**TASK**
Copy out the lines beginning at the one with "草花 刺繍 山吹茶色 正絹" and ending at the last line of the data, both included; pictures stay out.

**RECORDED INFORMATION**
BEGIN

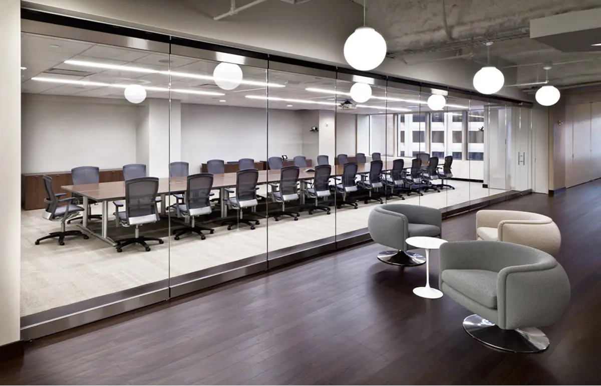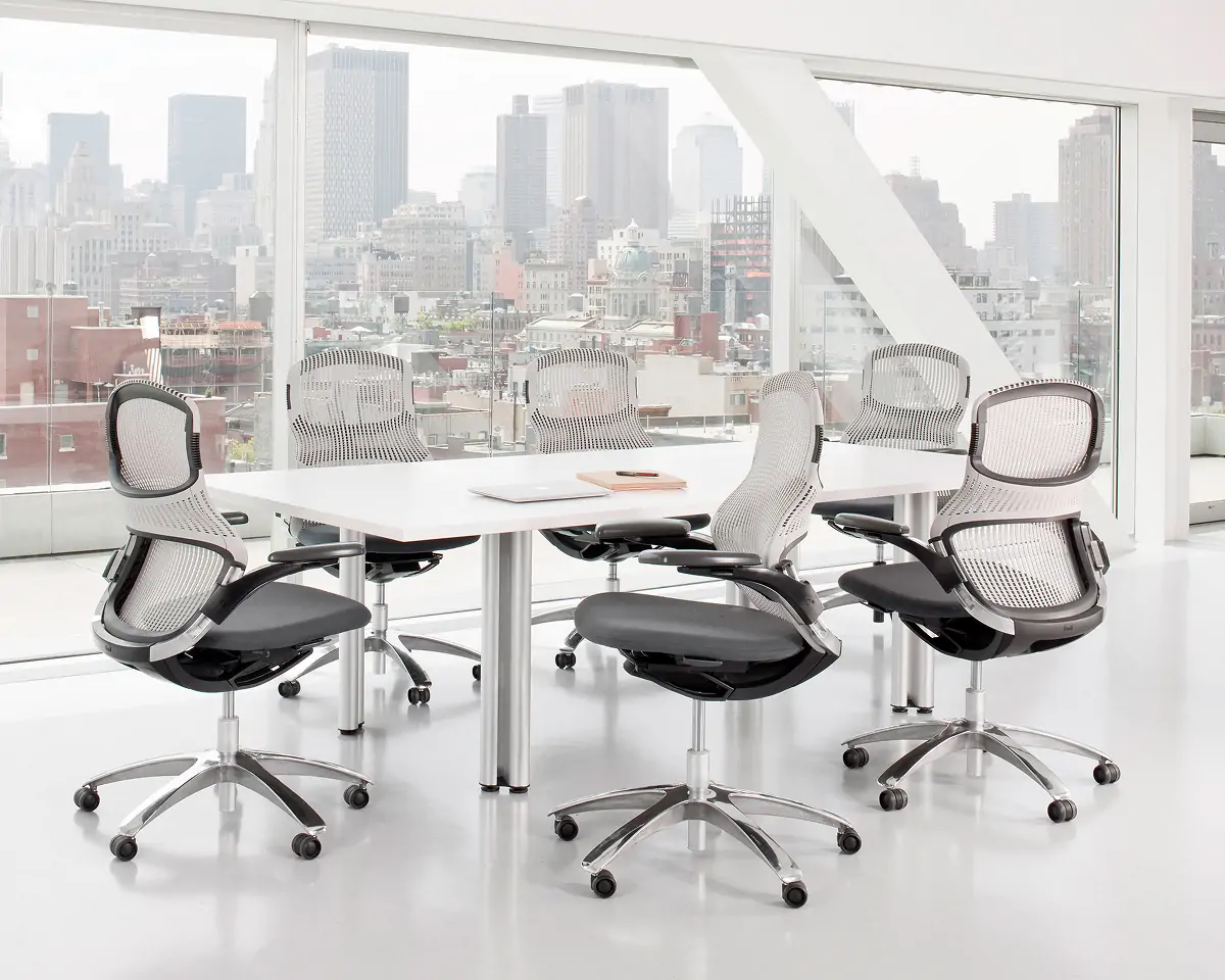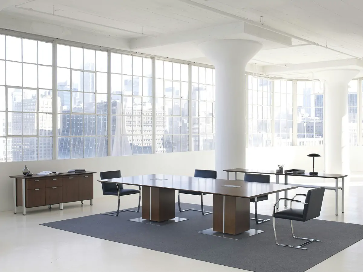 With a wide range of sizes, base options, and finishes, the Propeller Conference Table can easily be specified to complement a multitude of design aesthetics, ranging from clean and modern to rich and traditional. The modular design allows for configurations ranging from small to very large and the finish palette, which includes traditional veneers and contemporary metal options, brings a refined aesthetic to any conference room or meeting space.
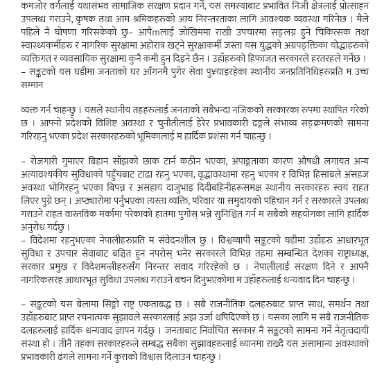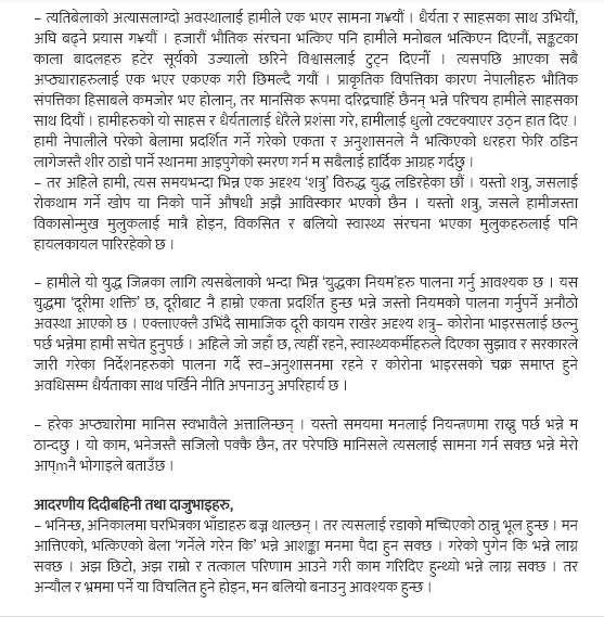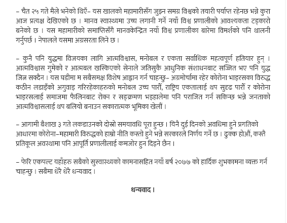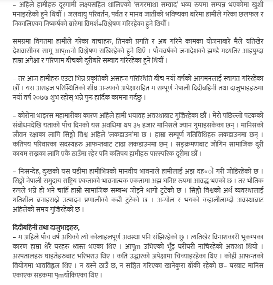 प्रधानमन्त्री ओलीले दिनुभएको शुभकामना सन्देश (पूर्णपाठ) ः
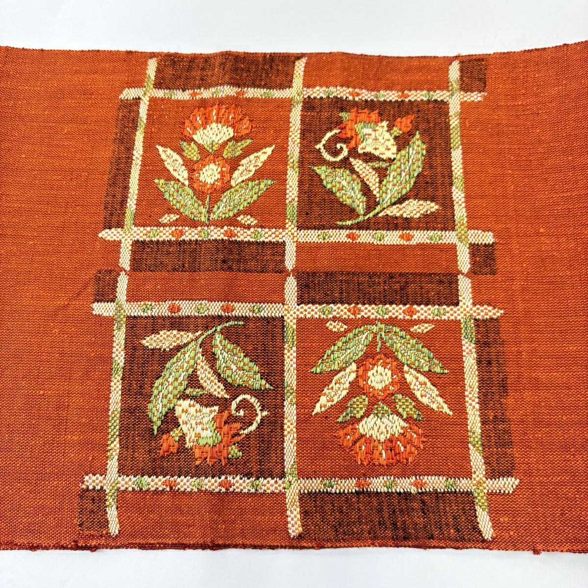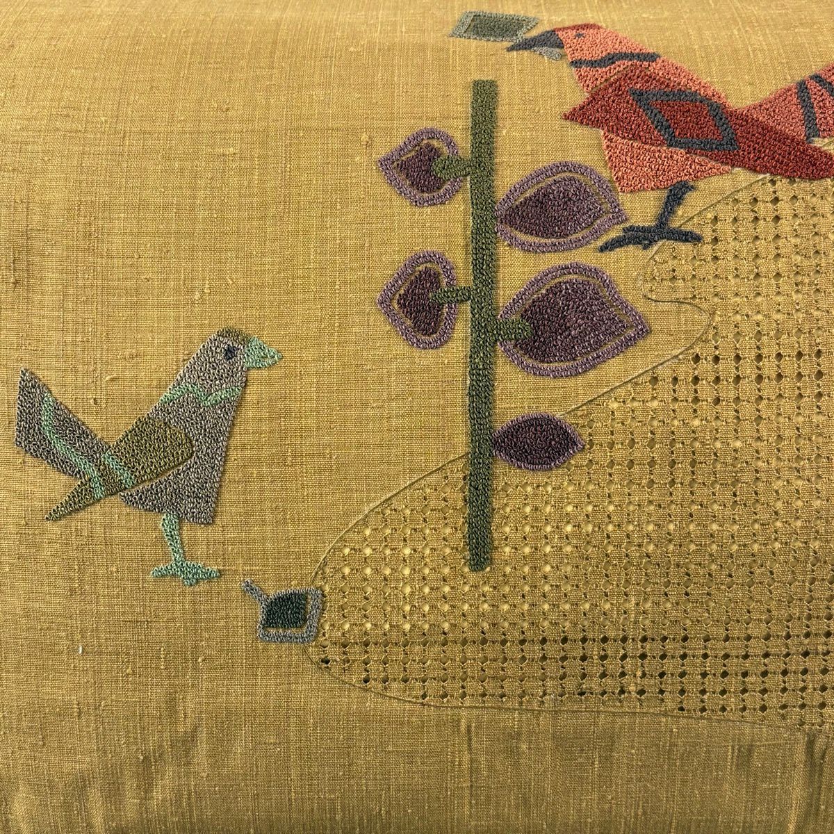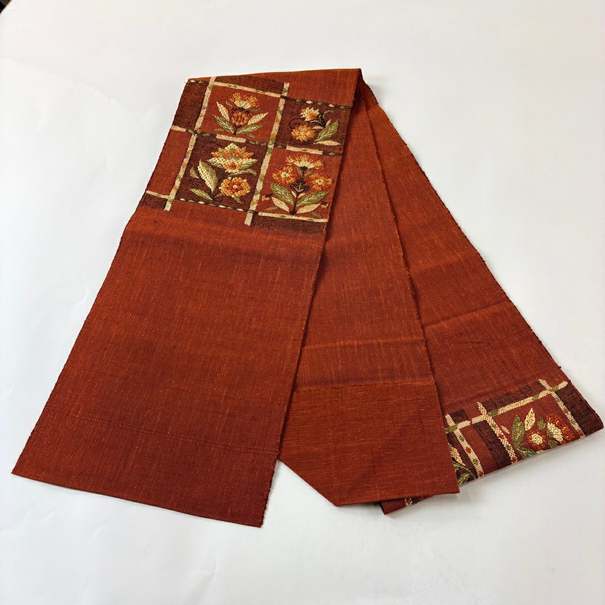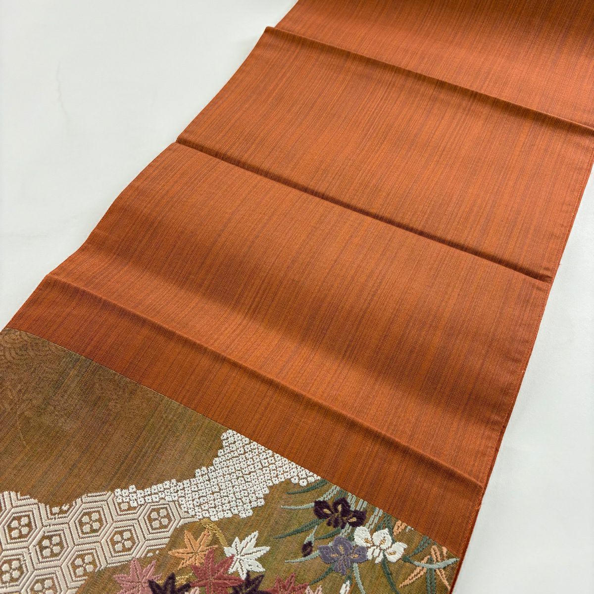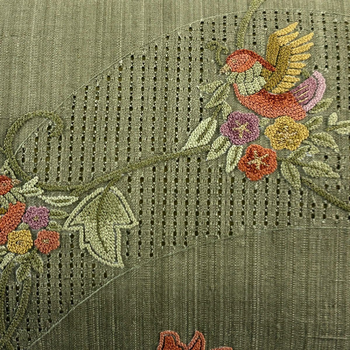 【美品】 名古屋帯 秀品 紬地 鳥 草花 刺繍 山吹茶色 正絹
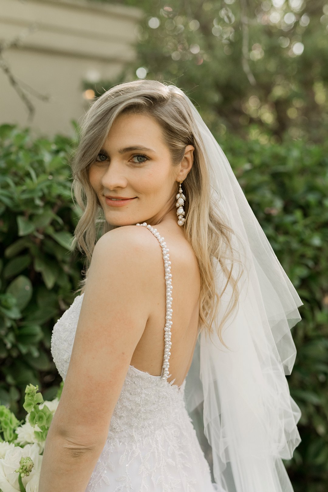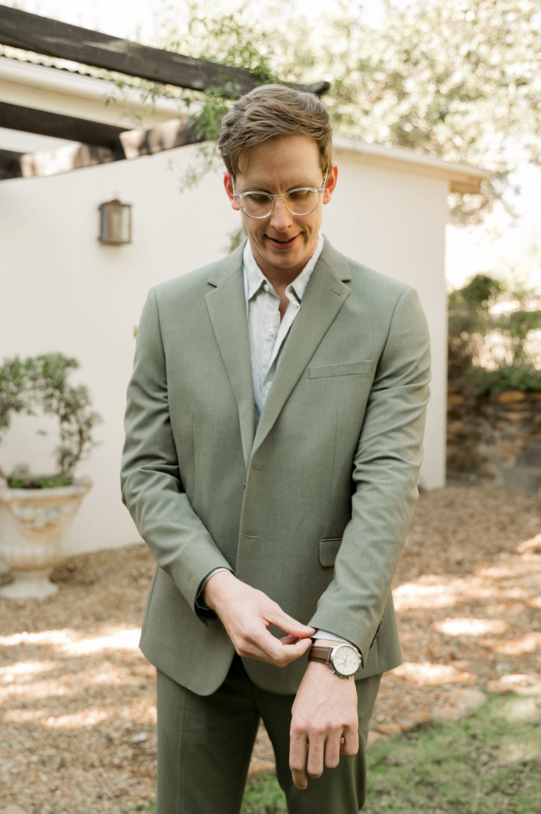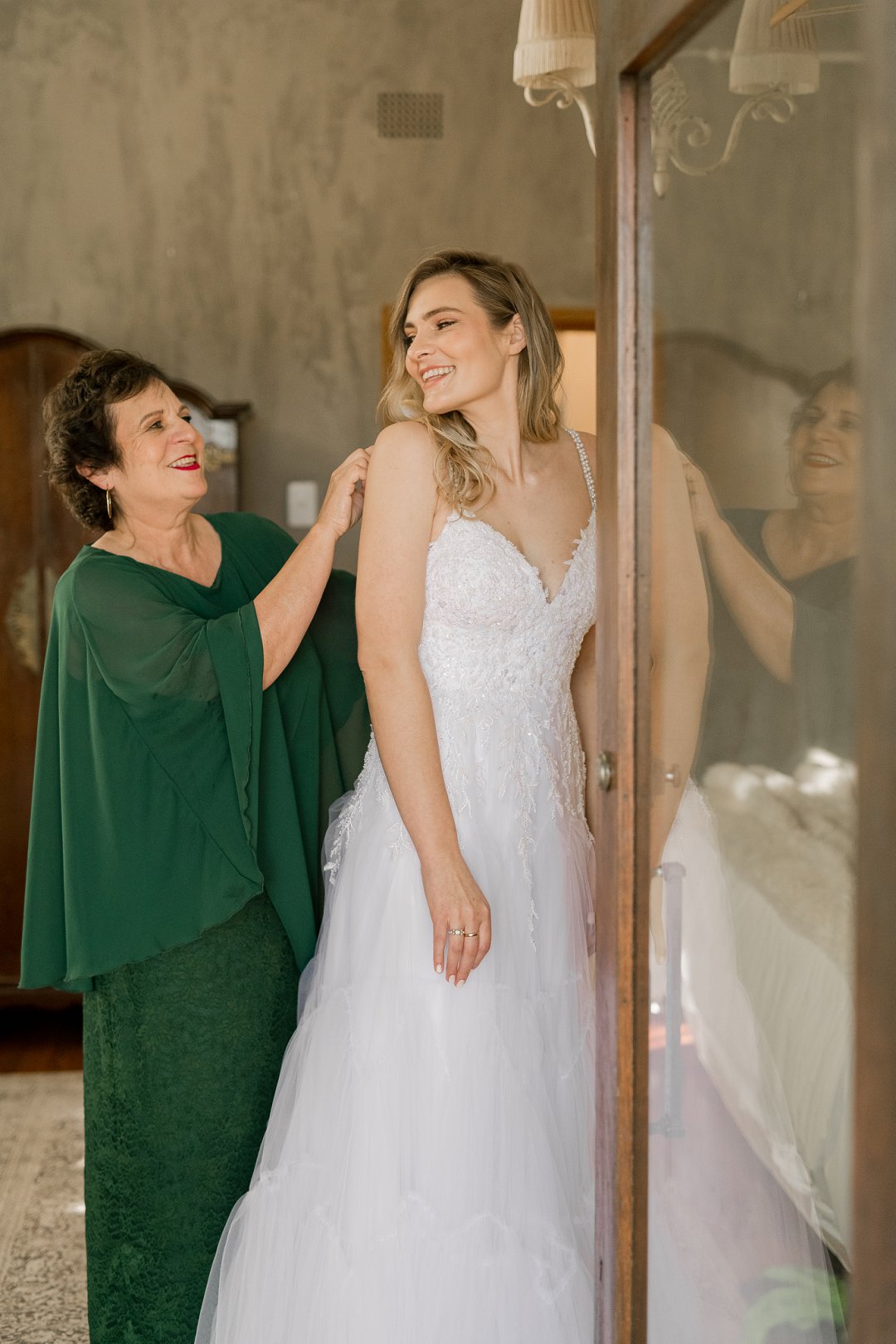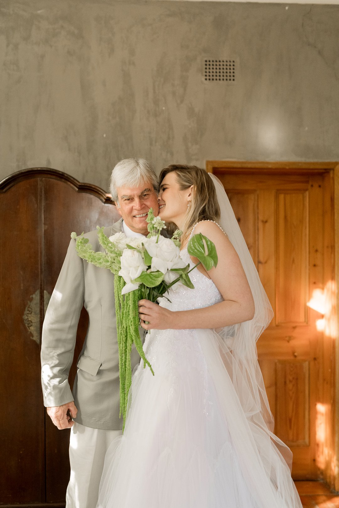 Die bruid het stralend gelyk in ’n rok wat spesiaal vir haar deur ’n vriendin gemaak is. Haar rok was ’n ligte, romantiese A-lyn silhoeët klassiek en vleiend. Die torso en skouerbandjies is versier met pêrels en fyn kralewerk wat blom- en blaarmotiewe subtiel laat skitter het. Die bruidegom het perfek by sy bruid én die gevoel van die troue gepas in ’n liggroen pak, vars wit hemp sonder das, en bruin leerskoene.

END

**ANSWER SECTION**
 【美品】 名古屋帯 秀品 紬地 鳥 草花 刺繍 山吹茶色 正絹
 Die bruid het stralend gelyk in ’n rok wat spesiaal vir haar deur ’n vriendin gemaak is. Haar rok was ’n ligte, romantiese A-lyn silhoeët klassiek en vleiend. Die torso en skouerbandjies is versier met pêrels en fyn kralewerk wat blom- en blaarmotiewe subtiel laat skitter het. Die bruidegom het perfek by sy bruid én die gevoel van die troue gepas in ’n liggroen pak, vars wit hemp sonder das, en bruin leerskoene.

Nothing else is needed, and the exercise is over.